→ Data supplied:
++++++++++++++++++++

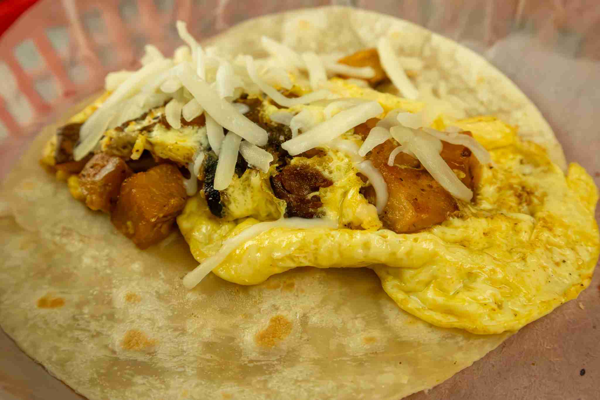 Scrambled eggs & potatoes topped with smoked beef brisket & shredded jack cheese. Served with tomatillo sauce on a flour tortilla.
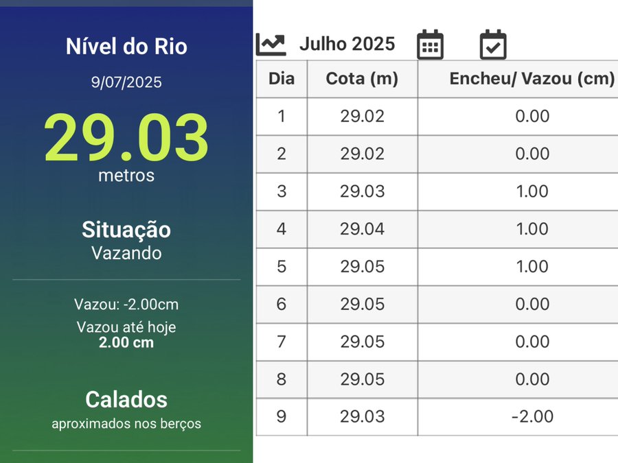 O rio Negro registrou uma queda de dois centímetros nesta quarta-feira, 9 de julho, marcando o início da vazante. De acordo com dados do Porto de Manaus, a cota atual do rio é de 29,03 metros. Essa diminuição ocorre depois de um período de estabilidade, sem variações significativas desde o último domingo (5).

++++++++++++++++++++

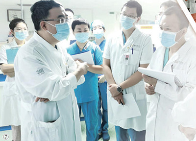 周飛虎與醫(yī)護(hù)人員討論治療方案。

++++++++++++++++++++

→ Required action: Above are the records. Copy word for word only their lines from the one holding "Scrambled eggs &" through the one holding "O rio Negro", both included, and skip the images.

→ Answer box:
 Scrambled eggs & potatoes topped with smoked beef brisket & shredded jack cheese. Served with tomatillo sauce on a flour tortilla.
 O rio Negro registrou uma queda de dois centímetros nesta quarta-feira, 9 de julho, marcando o início da vazante. De acordo com dados do Porto de Manaus, a cota atual do rio é de 29,03 metros. Essa diminuição ocorre depois de um período de estabilidade, sem variações significativas desde o último domingo (5).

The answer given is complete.